Oh, I forgot to mention - this amp is the Kelly 90 express layout, except with 6550C output tubes - as my b+ too high for 6v6s.

[shipwreck]

We need pics/details

[pompeiisneaks]

Lets do some ohms law math:

V = I/R right?

P = V*I

We don't know the exact voltage, but in theory we know the wattage of the resistor at 1k is enough. If it is, we can then calculate for 5w Power and resistance of 1000 ohms as:

I = SQRT(P * R)

which in this case = SQRT(5 * 1000) which expects max amperage to handle this is 70.7 amps

IN that case lets put in max of 70.7 amps back into the power calculation and solve for what wattage we want at 470 ohms

P = I^2 / R

P = 70.7^2 * 470 = 10.6 watts.

That means that you're already over if it's at max, now they do design for overage, usually giving say 10-20% room for error, overages etc. The only problem is that the two resistors aren't likely perfectly balanced and therefore one is maybe 465 and the other 471 or some randomness. This also means the lower of the two is going to take the brunt of the work, and would likely smoke anyway, but on top of it, you may have slightly higher voltages than expected in the circuit.

two 5 watters don't always exactly equal 10 watts of power handling. (Remember the lower the voltage goes, the more current it handles)

That's just spitballing, and I could be wrong, but I think you're likely going to want 10 watters for the 470's just to make sure they've got plenty of room to handle the current.

[MikeR670]

Lets do some ohms law math:

V = I/R right?

P = V*I

We don't know the exact voltage, but in theory we know the wattage of the resistor at 1k is enough.

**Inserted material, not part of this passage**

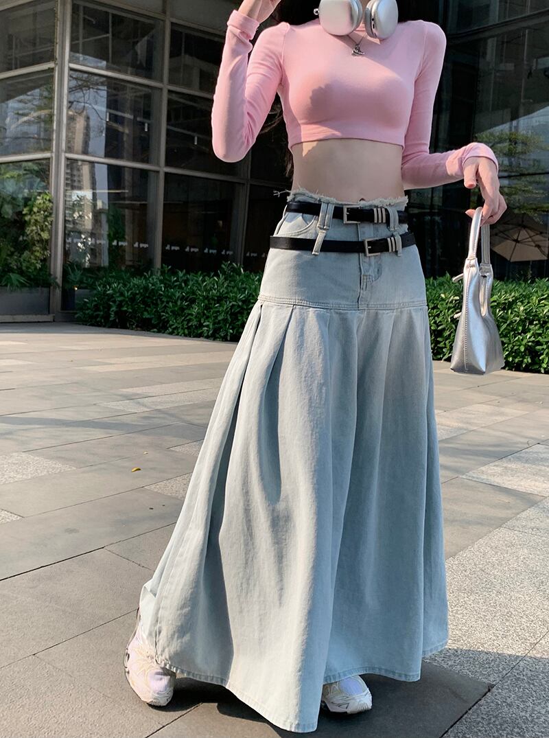 大人可愛いロングデニムスカート。ハイウエストでウエストマークできるデザインが女性らしさを引き立てます。Aラインでスッキリとしたシルエットながらも、ゆったりとした広がりが品のある印象を与えます。カジュアルなスタイリングにはもちろん、上品できれいめなスタイリングにも合わせやすいアイテムです。

If it is, we can then calculate for 5w Power and resistance of 1000 ohms as:

I = SQRT(P * R)

which in this case = SQRT(5 * 1000) which expects max amperage to handle this is 70.7 amps

IN that case lets put in max of 70.7 amps back into the power calculation and solve for what wattage we want at 470 ohms

P = I^2 / R

P = 70.7^2 * 470 = 10.6 watts.

That means that you're already over if it's at max, now they do design for overage, usually giving say 10-20% room for error, overages etc. The only problem is that the two resistors aren't likely perfectly balanced and therefore one is maybe 465 and the other 471 or some randomness. This also means the lower of the two is going to take the brunt of the work, and would likely smoke anyway, but on top of it, you may have slightly higher voltages than expected in the circuit.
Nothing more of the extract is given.